■ What the task requires ■
Print the listing as it stands, omitting all images.

■ Data for review ■
* * *
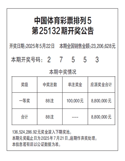 中国体育彩票排列5 第25132期开奖公告
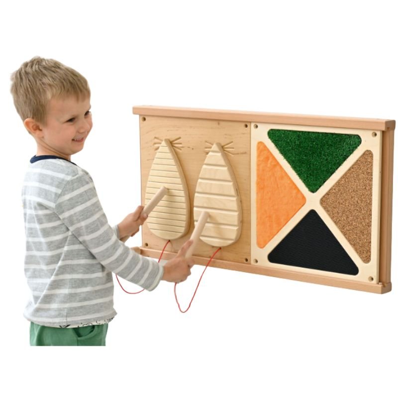 Tactile exploration is central to sensory integration therapy. Four distinct surface types on a single panel give practitioners a compact, wall-mounted resource for guided tactile work. It also serves as an effective self-directed activity between sessions in a therapy waiting area, giving children productive sensory input while they wait.
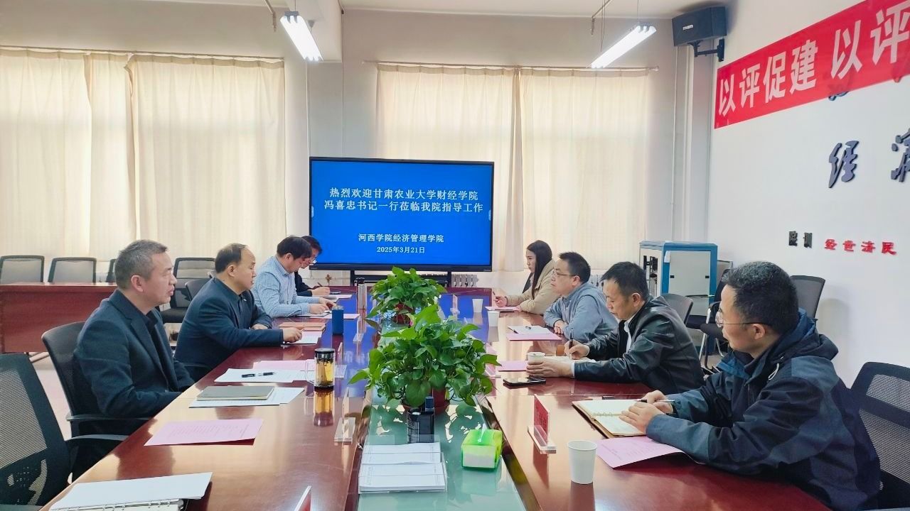 3月21日,甘肃农业大学财经学院党委书记冯喜忠一行来校就党建、学科专业、人才培养及学生就业等工作进行调研交流。经济管理学院负责人、相关科室老师参加座谈会。
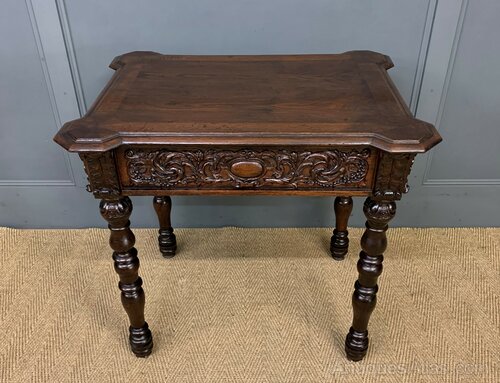 A charming 19th century carved oak lamp, or occasional table. Very well constructed and decorated with crisply carved detailing to all for sides. The lobed shaped top is cross banded. With a single drawer to the freeze and standing on turned legs. Sympathetically refinished in our workshops and now offered for sale in excellent condition with a great colour and patina, ready to go straight into the home.
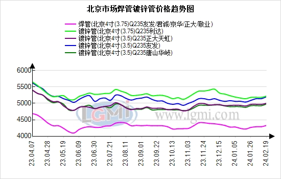 2月19日,北京市场焊管镀锌管价格不同程度跟涨。据兰格钢铁云商平台监测数据显示:焊管4寸(3.75mm)价格为4330元,比上一交易日价格上涨40元;镀锌管4寸(3.75mm)利达5220元,友发5200元,正大5000元,唐山华岐4980元,比上一交易日价格上涨30-60元。
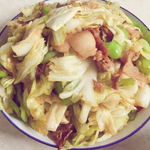 加入撕好的包菜,开大火,等包菜炒到有点透明了加入酱油,醋,翻炒,然后放入青椒继续翻炒
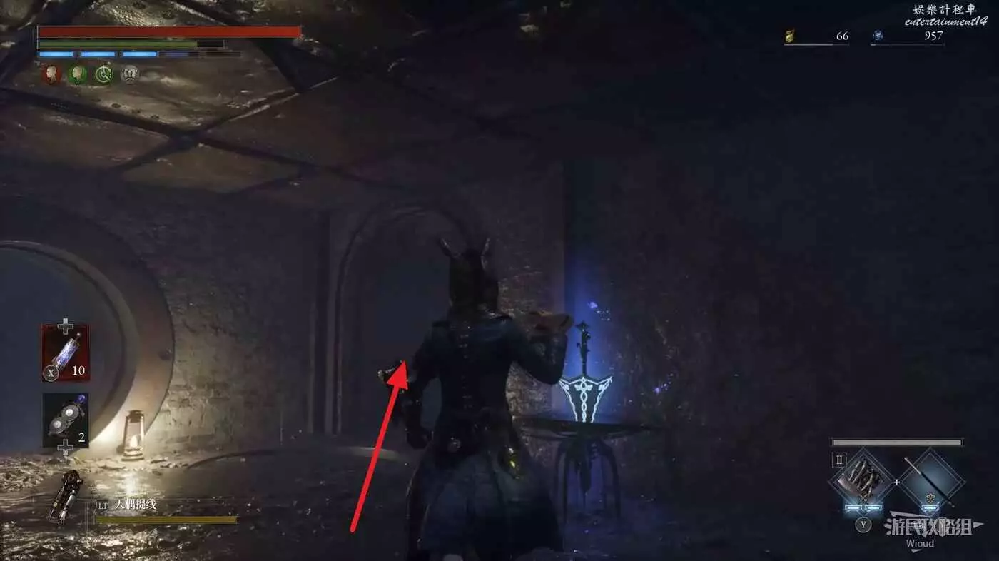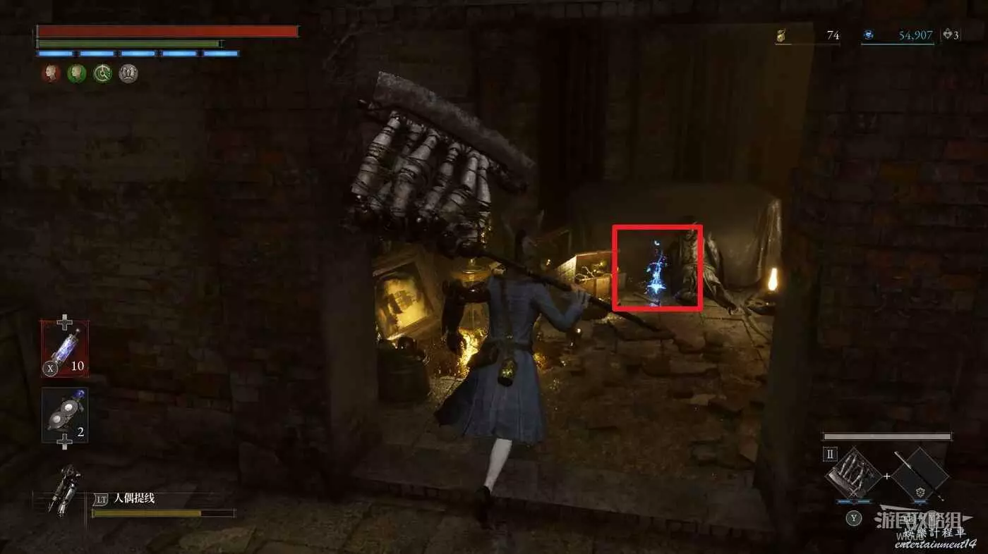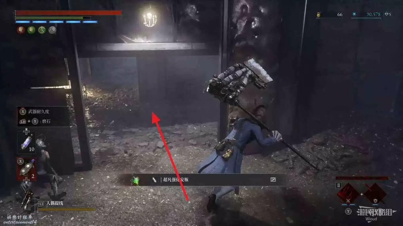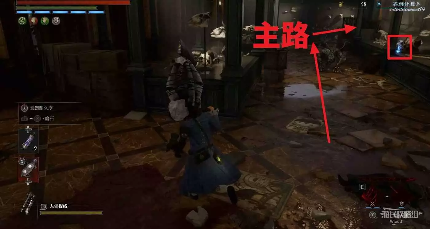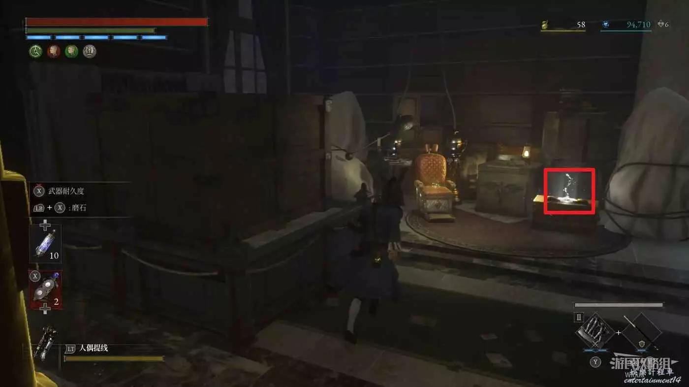 回到煉金師屍體處,走左邊往上的主路,盡頭開啟之前入口左側那個緊閉的大門,然後進入左側的房間內。
* * *
■ Answer space ■
 中国体育彩票排列5 第25132期开奖公告
 Tactile exploration is central to sensory integration therapy. Four distinct surface types on a single panel give practitioners a compact, wall-mounted resource for guided tactile work. It also serves as an effective self-directed activity between sessions in a therapy waiting area, giving children productive sensory input while they wait.
 3月21日,甘肃农业大学财经学院党委书记冯喜忠一行来校就党建、学科专业、人才培养及学生就业等工作进行调研交流。经济管理学院负责人、相关科室老师参加座谈会。
 A charming 19th century carved oak lamp, or occasional table. Very well constructed and decorated with crisply carved detailing to all for sides. The lobed shaped top is cross banded. With a single drawer to the freeze and standing on turned legs. Sympathetically refinished in our workshops and now offered for sale in excellent condition with a great colour and patina, ready to go straight into the home.
 2月19日,北京市场焊管镀锌管价格不同程度跟涨。据兰格钢铁云商平台监测数据显示:焊管4寸(3.75mm)价格为4330元,比上一交易日价格上涨40元;镀锌管4寸(3.75mm)利达5220元,友发5200元,正大5000元,唐山华岐4980元,比上一交易日价格上涨30-60元。
 加入撕好的包菜,开大火,等包菜炒到有点透明了加入酱油,醋,翻炒,然后放入青椒继续翻炒
 回到煉金師屍體處,走左邊往上的主路,盡頭開啟之前入口左側那個緊閉的大門,然後進入左側的房間內。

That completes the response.